In early December of that year, I read something in the arts section that I could not, at first, comprehend. Theodore Smith had sold his biography of my wife to a publisher for an obscene advance.* It was scheduled to be published in September of the coming year. For a few days I succeeded in putting it all out of mind. I thought, No—no, it is simply not possible, it will fail, they’ll realize the letters are frauds, that it is a work of obsession, not of fact, and when I, executor of X’s estate, deny them all the photo and excerpt rights, that will be the end of it. How could there be a biography without any primary sources?
As it happened, the editor who’d purchased the book was someone with whom I shared a close friend. She called me that winter—a courtesy, she said, as she was under no obligation to gain my approval. She insisted the research was impeccable. Scrupulous but respectful, she said, whatever that means. She assured me that Mr. Smith truly revered and understood X as an artist, as a woman, and that he had so many wonderful insights about her work, but of course, some would find the book a little controversial, wouldn’t they?

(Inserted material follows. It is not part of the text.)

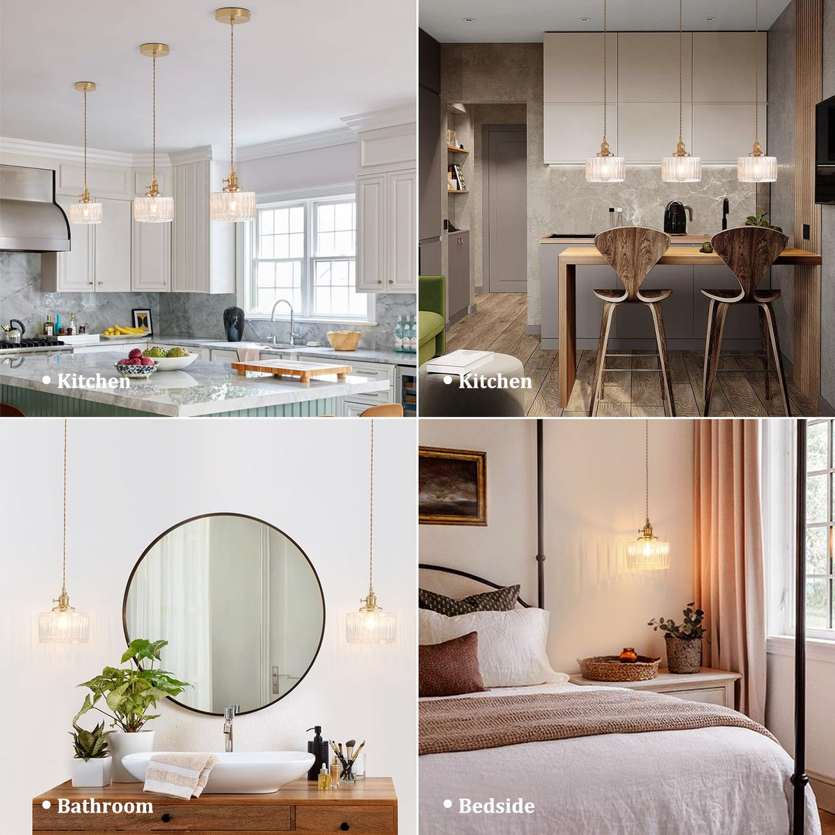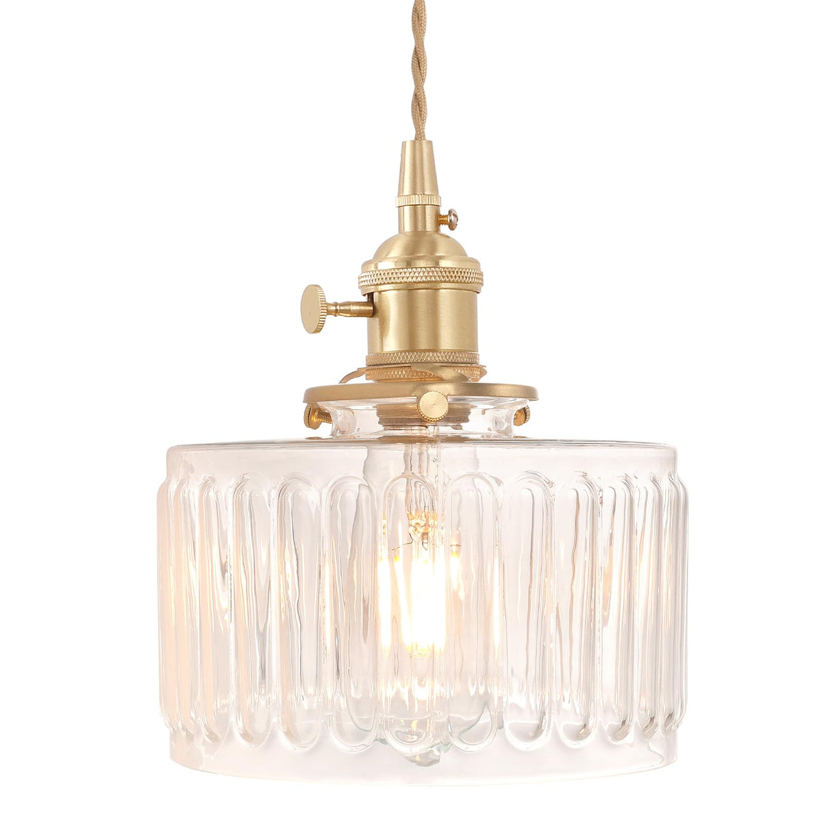 Shenmoyl Pendant Light With Clear Striped Glass Lmapshade, Brass Vintage Pendant Light Adjustable Hanging Light For Kitchen Isla

Your wife never shied away from controversy, the editor said.
Is that so?
The editor suggested I come to her office to meet with Mr. Smith while there was still time to correct the text, that I might want to dispel some rumors he’d been unable to detangle, and though I’d been sure I’d never see Mr. Smith again, by the time I’d hung up I’d agreed to the meeting.
Two days later I was sitting in a conference room with Mr. Smith, his editor, and two or three lawyers. The cinder block of a manuscript sat on the table, practically radiant with inanity. I asked for a few moments with our author, and once alone, I asked him how he’d done it.
Oh, just, you know, day by day, he said, the false modesty so pungent it could have tranquilized a horse.
But what could you have had to say about her? What could you have possibly known?
He insisted he still had plenty to go on without the archive, as she’d given thousands of interviews since the 1970s, that she rarely repeated herself, and of course there were the ex-wives, ex-lovers, the collaborators, others. They all had plenty to tell him, and lots of original letters to share. It had all gone quite well, he said, except for his interactions with me, of course, and the fact that he’d never been able to speak with X herself—a miscarriage he still regretted. But I did not care what he wanted from me and only wanted to know who had given him interviews. He listed a few inconsequential names—hangers-on and self-important acquaintances—then, surprisingly, Oleg Hall.